What the task asks: Take the entries below and print only the lines from the one with "[그림 2-1]과 같이" through the one with "2 piezas negro", exactly as they stand, both ends included.

Input material:
........

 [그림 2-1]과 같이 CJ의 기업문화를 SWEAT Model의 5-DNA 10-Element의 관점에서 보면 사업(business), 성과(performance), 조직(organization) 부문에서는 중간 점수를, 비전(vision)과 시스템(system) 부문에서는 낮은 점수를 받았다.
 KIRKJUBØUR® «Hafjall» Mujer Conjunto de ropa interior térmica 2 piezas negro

........

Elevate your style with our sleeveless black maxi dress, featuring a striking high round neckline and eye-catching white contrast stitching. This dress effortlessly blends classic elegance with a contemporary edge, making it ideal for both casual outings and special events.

........

Expected output:
 [그림 2-1]과 같이 CJ의 기업문화를 SWEAT Model의 5-DNA 10-Element의 관점에서 보면 사업(business), 성과(performance), 조직(organization) 부문에서는 중간 점수를, 비전(vision)과 시스템(system) 부문에서는 낮은 점수를 받았다.
 KIRKJUBØUR® «Hafjall» Mujer Conjunto de ropa interior térmica 2 piezas negro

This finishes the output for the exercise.